TASK DIRECTIONS — Please retype the data below line for line and leave out every picture.
####################
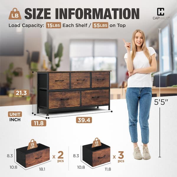 Rustic Oak 5 Drawer 39.4 in. Wide Dresser
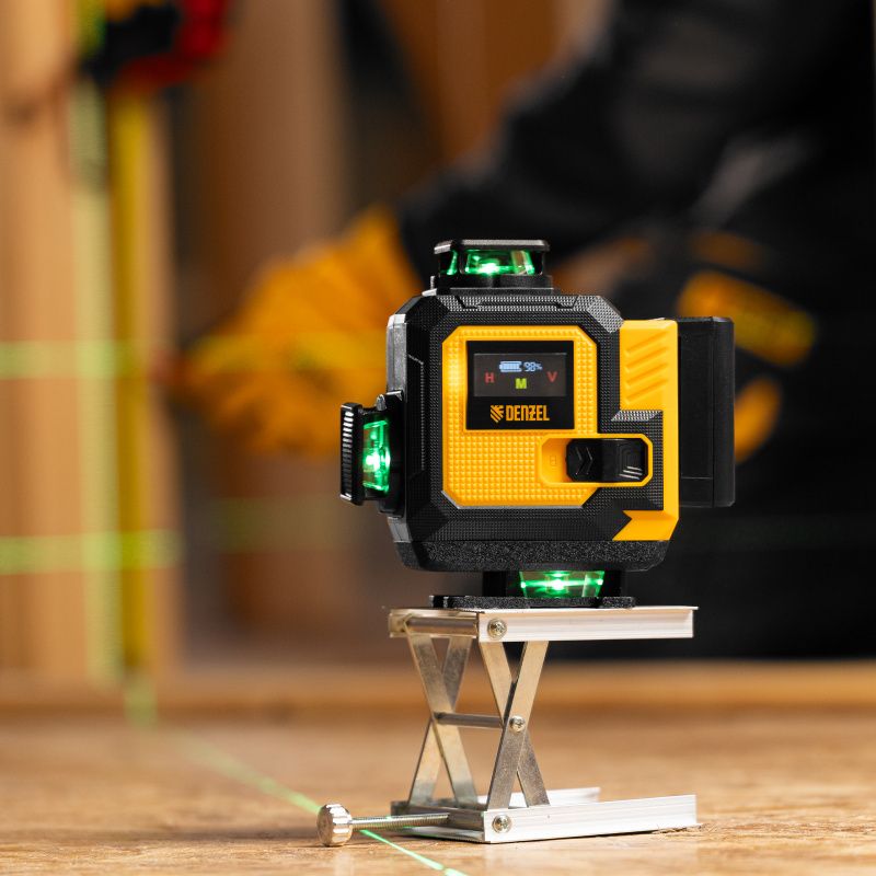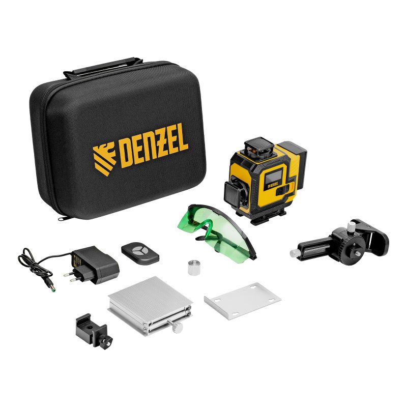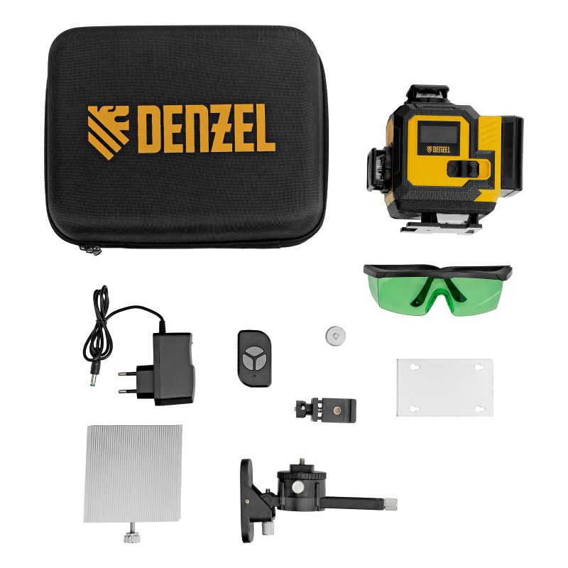Лазерный уровень мультипризменный DLV-360-4C, 30 м, зеленый луч, Li-Ion 2,4 Aч, кейс// Denzel, 35081
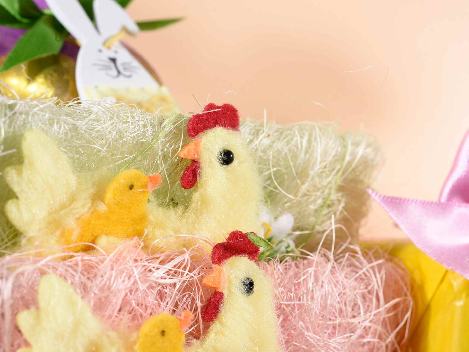 Cesta de fibra natural colorida con decoración de Pascua
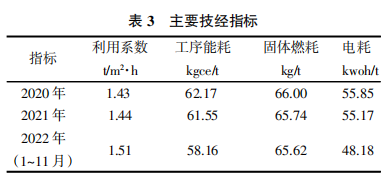 从表 3 可以看出,2022 年比 2020 年利用系数上升0.08 t/m2·h,工序能耗下降 4.01 kgce/t,固体燃耗下降0.38 kg/t,电耗下降 7.67 kwoh/t。
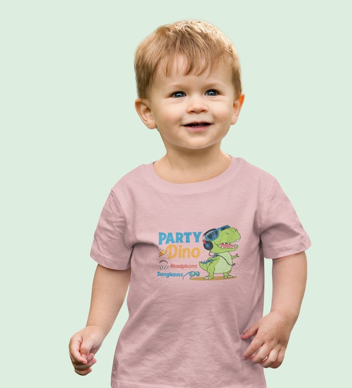 Party Animal Dino,Boys Cotton Printed Tshirt (baby pink)
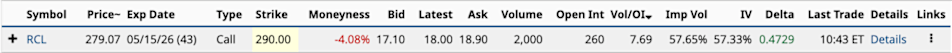 The CBOE Volatility Index, or VIX for short, jumped up to 27.89 early in Thursday trading, as traders fretted about the future price of oil after President Trump’s address to the nation Wednesday evening did little to calm the nerves of investors. Fortunately, the major indices recovered a decent amount of their losses by midday, as news reports suggested that Iran is working with Oman to develop a protocol to monitor traffic through the Strait of Hormuz. In addition, the economic data released on the day before Good Friday was better than expected. Nvidia Still Looks Cheap - Shorting Out-of-the-Money NVDA Put Options Is Attractive 1 Low-Risk, High-Reward Way to ‘Just Do It’ and Trade Nike Stock with Options Markets move fast. Keep up by reading our FREE midday Barchart Brief newsletter for exclusive charts, analysis, and headlines. Stocks continue to struggle to find direction. One company closely following rising oil prices is Royal Caribbean (RCL), the world’s largest cruise operator by market cap. While it hedges a significant amount of its fuel costs, rising oil prices will add significantly to its operating expenses. However, as companies go, Royal Caribbean is a well-managed organization that will be able to navigate (no pun intended) the near-term economic uncertainty. In Thursday’s options trading, the cruise operator had one unusually active option. The May 15 $290 call sets up nicely for a Long Strangle. Here’s why. Have an excellent weekend. As I mentioned in the introduction, it had one unusually active option in the final trading day of a shortened holiday week. It’s shown above. Truthfully, it had two. However, the second expired on Thursday; I don’t include options expiring within seven days. The call in question had a volume of 2,000, 7.69 times the open interest. That’s about 12% of its 30-day average of 16,584. RCL doesn’t generate massive options volume. However, the volume has picked up. In January, there were just four days with a volume of 10,000 or more. In March, there were 12, with seven over 20,000. The highest day in the first three months of 2026 was March 4 at 52,772, a couple of days after the start of the Iran war. The average put/call volume ratio in the past five days of trading is 3.41, a very bearish indicator. The average in the first five days of January was 0.61, a very bullish one. From the stock’s 2026 high of $356.39, its shares have lost 22% of their value. Volatility is up, and the trend is down; the Barchart Technical Opinion is a 56% Sell rating. The long strangle thrives on increased volatility. The long strangle strategy expects the share price to move significantly higher or lower due to increased volatility. It involves buying a call option (in this case, the $290 strike) and a put option at a lower strike price. Here are the potential put options based on Thursday's trading. At first glance, you might think the $270 put is the optimal choice for two reasons: 1) The chance of making money on the long strangle is 40.3%, and 2) The maximum loss probability is 13.8% -- the net debit of $37.60, or the cost of both options -- the lowest of the six put options. However, I like the idea of balancing the cost outlay with the probability of profit. With that in mind, you might consider the $250 put, where the net debit is $31.40, 16.4% less than the $270 put, while the profit probability is only 4.2 percentage points less. As you can see from the profit/loss graph above, the net debit of $31.40 is 11.29% of the share price. That’s a little above my 10% target, but not greatly so. Now, the maximum profit is unlimited, as the share price can go to infinity or go to zero. For example, if President Trump says tomorrow that the Iranians are opening the Strait of Hormuz, oil prices will fall, and RCL stock will rise, given its reliance on fuel (6.4% of 2025 revenue) for its business. So, the breakeven is $321.40 [$290 call + $31.40 net debit] on the upside and $218.60 [$250 put - $31.40 net debit] on the downside. In the past year, RCL stock has traded above the upside breakeven on three occasions: July 2025, August 2025, and February 2026, and below the downside breakeven once in April 2025. The expected move of $38.68 in either direction is not expected to take the price outside the upside or downside breakeven by May 15. That said, a positive announcement in the Middle East would likely push the stock well above the $38.68 estimate. In contrast, the equivalent downside move would likely only occur if it became evident that the Strait of Hormuz wouldn’t clear for many months or even years. In early March, about a week into the Iran war, I suggested to readers that they consider a Dynamic Collar. The dynamic collar combines a Covered Call with a Married Put. In this particular scenario, you own the stock, sell an April 17 $340 call for income, and buy a June 18 $290 put for downside protection. The share price at the time was $287.00. The cost of the married put was $318.30, including $31.30 for the put and $287 per share. The premium on the covered call was $2.65. The cost of the put, as I write this, is $36.60, while the premium on the call is also less, with three trades between $1.57 and $1.78. The dynamic collar is often used if you’ve owned the stock for a long time and want to maintain ownership while generating some additional gains from the premium while protecting the downside. With over two months until the June 18 expiration, it still has a chance to be profitable. But I digress. The long strangle, unlike the dynamic collar, which is a bullish bet, is directional. While I like to think it will soon be trading in the $350s again, the shares gained nearly 1,000% between July 2022 and Aug. 29, 2025, when it hit an all-time high of $366.50. They were bound for a correction, with or without a war playing a role in the decline. The use of leverage with this strategy -- 11.29% of the share price -- is a reasonable bet o
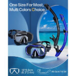- CLEAR PANORAMIC SNORKEL MASK: The snorkeling mask is equipped with an anti-fog film to prevent the lenses from fogging when the nose exhales. The impact-resistant tempered glass can well withstand deep water pressure and provide protection. Safety comes first.
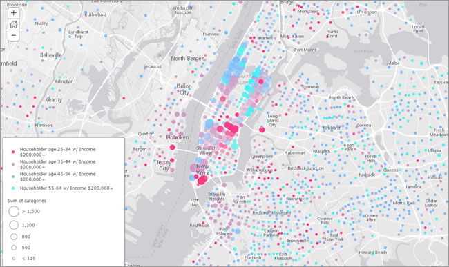 To start, choose an attribute (or multiple attributes), and you’re smart mapping! Once you choose an attribute, smart mapping provides drawing styles based on the type of attribute. For example, selecting a numeric field, such as Median Household Income, provides options known as Counts and Amounts.
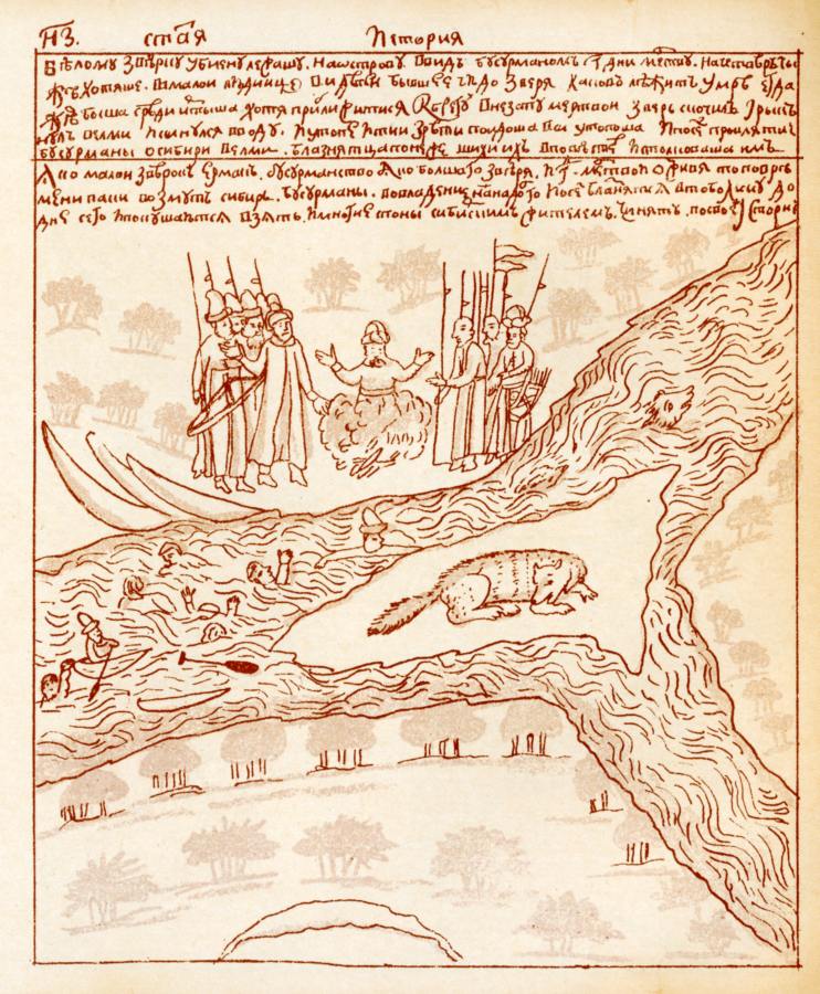 В Кунгурской = Ремезовской Летописи мрачным предзнаменованиям Остякам действительно уделено заметное место, рис.8.82, рис.8.83, рис.8.84. В частности, погибший зверь пролежал три дня на острове, но как только люди подошли посмотреть на него, он воскрес, вскочил, бросился в реку и утонул. Вслед за ним утонули и все пришедшие люди.
####################
RESULT BELOW —
 Rustic Oak 5 Drawer 39.4 in. Wide Dresser
Лазерный уровень мультипризменный DLV-360-4C, 30 м, зеленый луч, Li-Ion 2,4 Aч, кейс// Denzel, 35081
 Cesta de fibra natural colorida con decoración de Pascua
 从表 3 可以看出,2022 年比 2020 年利用系数上升0.08 t/m2·h,工序能耗下降 4.01 kgce/t,固体燃耗下降0.38 kg/t,电耗下降 7.67 kwoh/t。
 Party Animal Dino,Boys Cotton Printed Tshirt (baby pink)
 The CBOE Volatility Index, or VIX for short, jumped up to 27.89 early in Thursday trading, as traders fretted about the future price of oil after President Trump’s address to the nation Wednesday evening did little to calm the nerves of investors. Fortunately, the major indices recovered a decent amount of their losses by midday, as news reports suggested that Iran is working with Oman to develop a protocol to monitor traffic through the Strait of Hormuz. In addition, the economic data released on the day before Good Friday was better than expected. Nvidia Still Looks Cheap - Shorting Out-of-the-Money NVDA Put Options Is Attractive 1 Low-Risk, High-Reward Way to ‘Just Do It’ and Trade Nike Stock with Options Markets move fast. Keep up by reading our FREE midday Barchart Brief newsletter for exclusive charts, analysis, and headlines. Stocks continue to struggle to find direction. One company closely following rising oil prices is Royal Caribbean (RCL), the world’s largest cruise operator by market cap. While it hedges a significant amount of its fuel costs, rising oil prices will add significantly to its operating expenses. However, as companies go, Royal Caribbean is a well-managed organization that will be able to navigate (no pun intended) the near-term economic uncertainty. In Thursday’s options trading, the cruise operator had one unusually active option. The May 15 $290 call sets up nicely for a Long Strangle. Here’s why. Have an excellent weekend. As I mentioned in the introduction, it had one unusually active option in the final trading day of a shortened holiday week. It’s shown above. Truthfully, it had two. However, the second expired on Thursday; I don’t include options expiring within seven days. The call in question had a volume of 2,000, 7.69 times the open interest. That’s about 12% of its 30-day average of 16,584. RCL doesn’t generate massive options volume. However, the volume has picked up. In January, there were just four days with a volume of 10,000 or more. In March, there were 12, with seven over 20,000. The highest day in the first three months of 2026 was March 4 at 52,772, a couple of days after the start of the Iran war. The average put/call volume ratio in the past five days of trading is 3.41, a very bearish indicator. The average in the first five days of January was 0.61, a very bullish one. From the stock’s 2026 high of $356.39, its shares have lost 22% of their value. Volatility is up, and the trend is down; the Barchart Technical Opinion is a 56% Sell rating. The long strangle thrives on increased volatility. The long strangle strategy expects the share price to move significantly higher or lower due to increased volatility. It involves buying a call option (in this case, the $290 strike) and a put option at a lower strike price. Here are the potential put options based on Thursday's trading. At first glance, you might think the $270 put is the optimal choice for two reasons: 1) The chance of making money on the long strangle is 40.3%, and 2) The maximum loss probability is 13.8% -- the net debit of $37.60, or the cost of both options -- the lowest of the six put options. However, I like the idea of balancing the cost outlay with the probability of profit. With that in mind, you might consider the $250 put, where the net debit is $31.40, 16.4% less than the $270 put, while the profit probability is only 4.2 percentage points less. As you can see from the profit/loss graph above, the net debit of $31.40 is 11.29% of the share price. That’s a little above my 10% target, but not greatly so. Now, the maximum profit is unlimited, as the share price can go to infinity or go to zero. For example, if President Trump says tomorrow that the Iranians are opening the Strait of Hormuz, oil prices will fall, and RCL stock will rise, given its reliance on fuel (6.4% of 2025 revenue) for its business. So, the breakeven is $321.40 [$290 call + $31.40 net debit] on the upside and $218.60 [$250 put - $31.40 net debit] on the downside. In the past year, RCL stock has traded above the upside breakeven on three occasions: July 2025, August 2025, and February 2026, and below the downside breakeven once in April 2025. The expected move of $38.68 in either direction is not expected to take the price outside the upside or downside breakeven by May 15. That said, a positive announcement in the Middle East would likely push the stock well above the $38.68 estimate. In contrast, the equivalent downside move would likely only occur if it became evident that the Strait of Hormuz wouldn’t clear for many months or even years. In early March, about a week into the Iran war, I suggested to readers that they consider a Dynamic Collar. The dynamic collar combines a Covered Call with a Married Put. In this particular scenario, you own the stock, sell an April 17 $340 call for income, and buy a June 18 $290 put for downside protection. The share price at the time was $287.00. The cost of the married put was $318.30, including $31.30 for the put and $287 per share. The premium on the covered call was $2.65. The cost of the put, as I write this, is $36.60, while the premium on the call is also less, with three trades between $1.57 and $1.78. The dynamic collar is often used if you’ve owned the stock for a long time and want to maintain ownership while generating some additional gains from the premium while protecting the downside. With over two months until the June 18 expiration, it still has a chance to be profitable. But I digress. The long strangle, unlike the dynamic collar, which is a bullish bet, is directional. While I like to think it will soon be trading in the $350s again, the shares gained nearly 1,000% between July 2022 and Aug. 29, 2025, when it hit an all-time high of $366.50. They were bound for a correction, with or without a war playing a role in the decline. The use of leverage with this strategy -- 11.29% of the share price -- is a reasonable bet o
- CLEAR PANORAMIC SNORKEL MASK: The snorkeling mask is equipped with an anti-fog film to prevent the lenses from fogging when the nose exhales. The impact-resistant tempered glass can well withstand deep water pressure and provide protection. Safety comes first.
 To start, choose an attribute (or multiple attributes), and you’re smart mapping! Once you choose an attribute, smart mapping provides drawing styles based on the type of attribute. For example, selecting a numeric field, such as Median Household Income, provides options known as Counts and Amounts.
 В Кунгурской = Ремезовской Летописи мрачным предзнаменованиям Остякам действительно уделено заметное место, рис.8.82, рис.8.83, рис.8.84. В частности, погибший зверь пролежал три дня на острове, но как только люди подошли посмотреть на него, он воскрес, вскочил, бросился в реку и утонул. Вслед за ним утонули и все пришедшие люди.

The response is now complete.